© Reuters. FILE PHOTO: A trader works at the post where First Republic Bank stock is traded on the floor of the New York Stock Exchange (NYSE) in New York City, U.S., March 16, 2023. REUTERS/Brendan McDermid
By Greg Roumeliotis
(Reuters) – The U.S. Federal Deposit Insurance Corporation (FDIC) is preparing to place First Republic Bank (NYSE:) under receivership imminently, a person familiar with the matter said on Friday, sending shares of the lender down more than 40% in extended trading.
The U.S. banking regulator decided the troubled regional lender’s position has deteriorated and there is no more time to pursue a rescue through the private sector, the source told Reuters, requesting anonymity because the matter is confidential.
If the San Francisco-based lender falls into receivership, it would be the third U.S. bank to collapse since March. First Republic said earlier this week its deposits had slumped by more than $100 billion in the first quarter.
First Republic and FDIC representatives did not immediately respond to requests for comment.
Shares of the bank closed down 43%, worsening a stock rout that has wiped out 75% of its value this week. The stock lost more than half of its value on Friday and touched a record low of $2.99.

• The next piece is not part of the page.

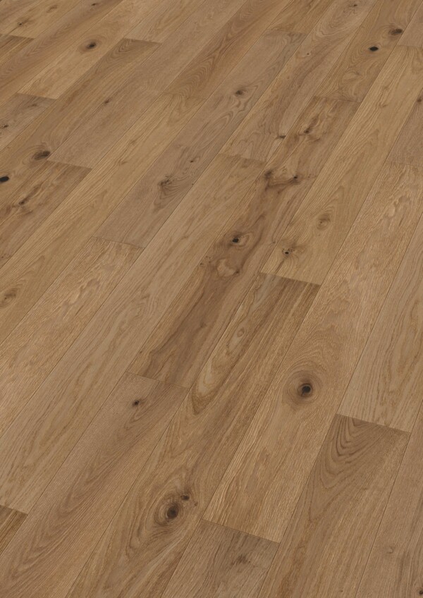 El acabado con barnizado ultramate impregna en profundidad cada poro de la madera, resaltando su aspecto extranoble y natural. Además, convierte el suelo en una superficie muy fácil de cuidar, resistente a las manchas y especialmente insensible a los microarañazos, manteniendo su estética intacta con el uso diario.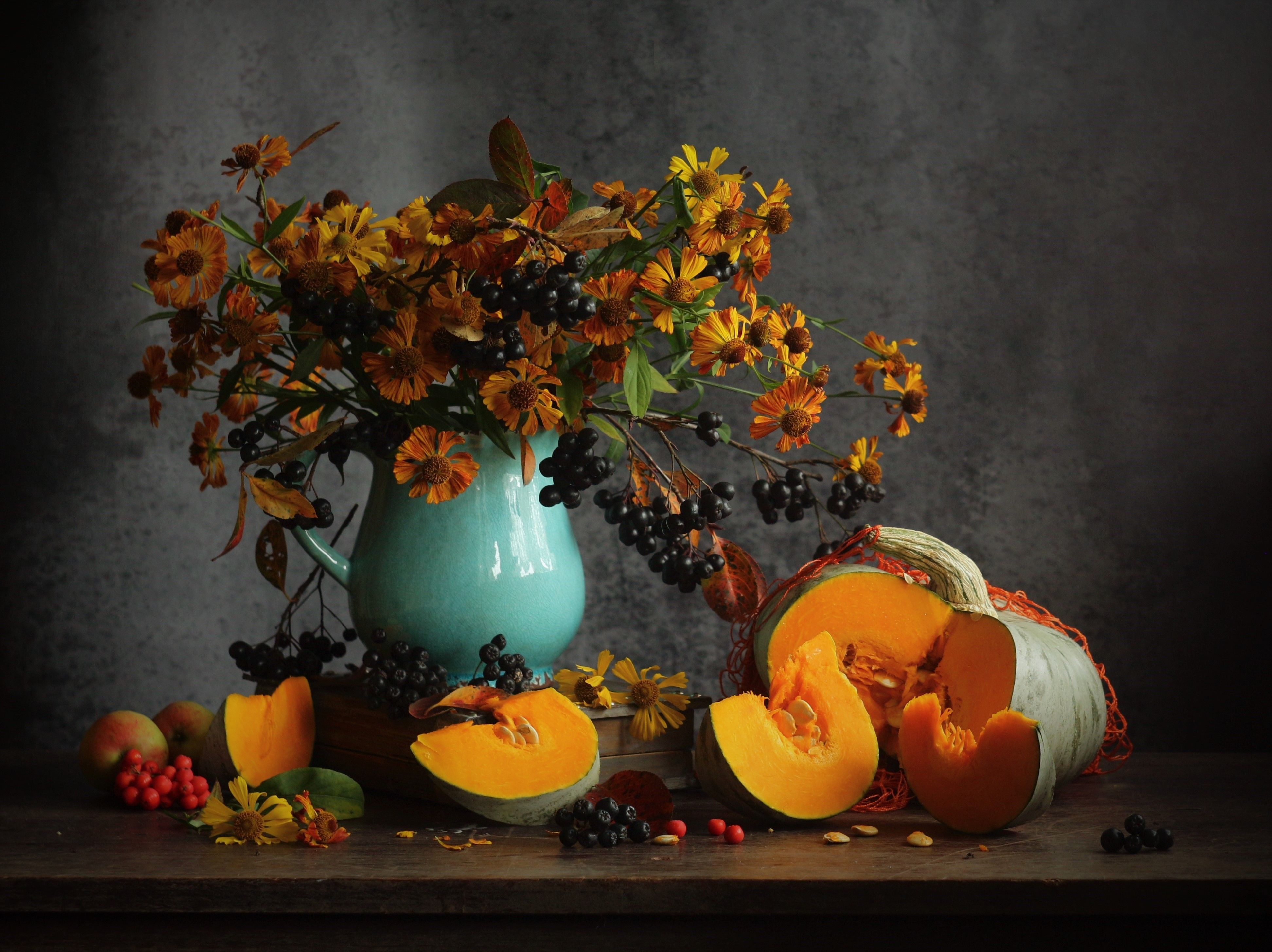 желтые цветы, тыква, голубой кувшин, Людмила Хрусталева*

At its lowest, the bank had a market capitalization of nearly $557 million, a far cry from its peak valuation of more than $40 billion in Nov. 2021.
Shares of some other regional banks also fell with PacWest Bancorp down 2% after the bell while Western Alliance (NYSE:) was down 0.7%.
Reuters earlier reported a government-brokered rescue deal was in the works for First Republic. It was not immediately clear why that effort failed.
According to the report, the FDIC, the Treasury Department and the Federal Reserve were among the government bodies orchestrated meetings with financial companies about a lifeline for the bank.